Kora

Maker: Mamadou Kouyaté (d. 1991) (bridge by Djimo Kouyaté)

Date: ca. 1960

Geography: Senegal

Culture: Mandinka people, Senegambia

Medium: Gourd, goat skin, antelope-hide, ebony, metal, wood

Dimensions: 45 9/16 × 20 11/16 × 17 in. (115.8 × 52.5 × 43.2 cm)

Classification: Chordophone-Harp

Credit Line: Rogers Fund, 1975

Accession Number: 1975.59

Description


Plucked stringed instruments with vertically notched or pierced bridges are found only along the African coast from Senegal to Angola. The unique bridge seen here on the kora lifts the strings on a plane perpendicular to the body instead of parallel to it. Constructed of a calabash resonator, covered with sheep or goat hide and bearing nylon strings secured around a wooden neck, the West African kora combines features of the harp and the lute. It is played either standing or sitting by professional musicians traditionally associated with the nobility. The jali (performer) holds the kora upright and plucks the twenty-one strings with thumb and forefingers to accompany spoken narratives, genealogical recitations, and praise songs. The kora also provides solo interludes. Tuning is achieved by turning the antelope-hide rings to which the strings are tied.

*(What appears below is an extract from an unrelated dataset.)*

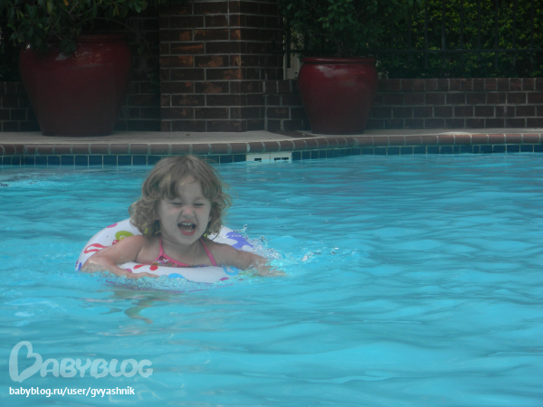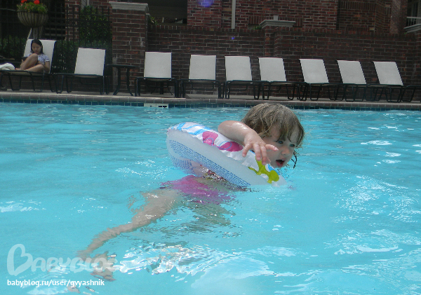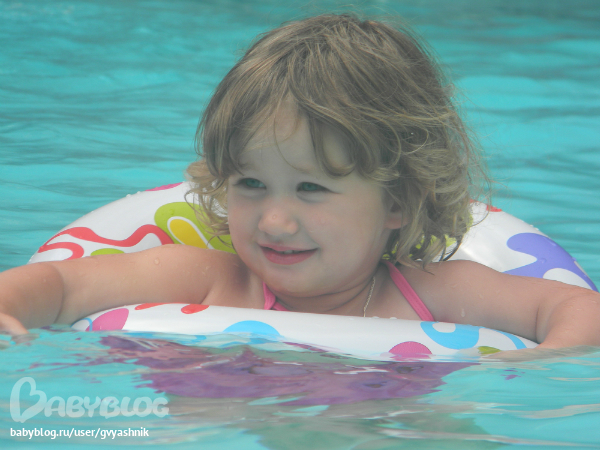 Маша_фотоКупила Машке самый простецкий плавательный круг - и так ей понравилось с ним купаться! Научилась в нем сама плыть туда, куда ей нужно. Теперь вытащить ее не могу.
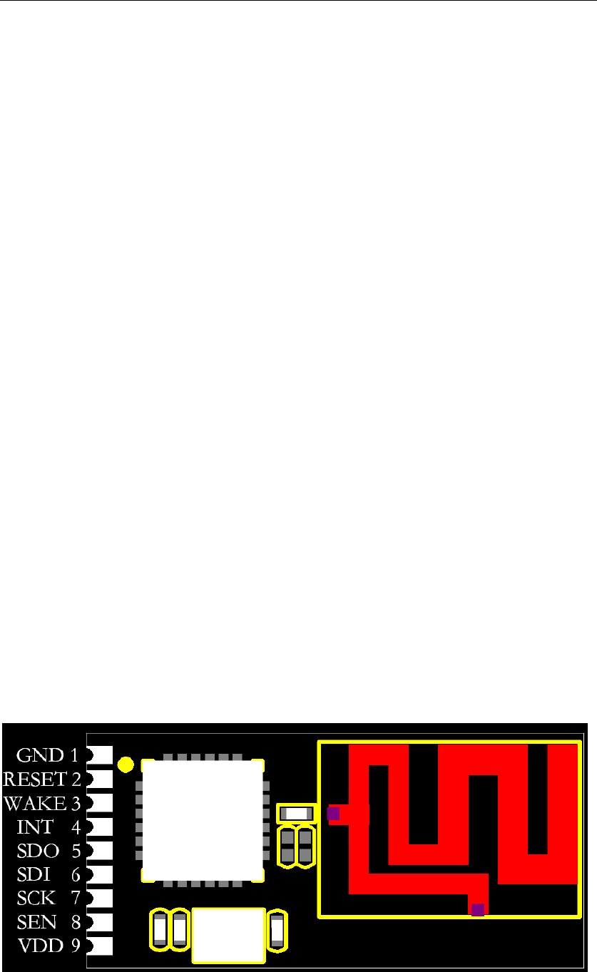 SDI, SDO and CS), RESET, WAKE, INT and CLKOUT pins are brought out to the module

Among the Mande peoples of the western and central Sudan, kora and other stringed instruments accompanied the epic narratives of jeliw (singular jeli), a class of bards who are retained by wealthy patrons to chronicle family histories and propagate stories of heroic ancestors. A hereditary position, jeliw remain intimately linked to the same families for generations and serve as living repositories of chronicles passed down through time. As revered keepers of family history, they are often called upon to act as intermediaries during disputes among relations. Like other traditional musician jeliw employ music to help them recall and organize the extensive amounts of information with which they are entrusted. The social role of jeliw has remained much the same in contemporary Mande society, although their patronage has undergone some significant changes. Many jeliw now perform for general audiences, while others are employed by individuals who have met with success in the postcolonial era.

This kora was made by Mamadou Kouyaté, the chief musician of Senegal's first president Leopold Sengor. The bridge was made by Djimo Kouyaté.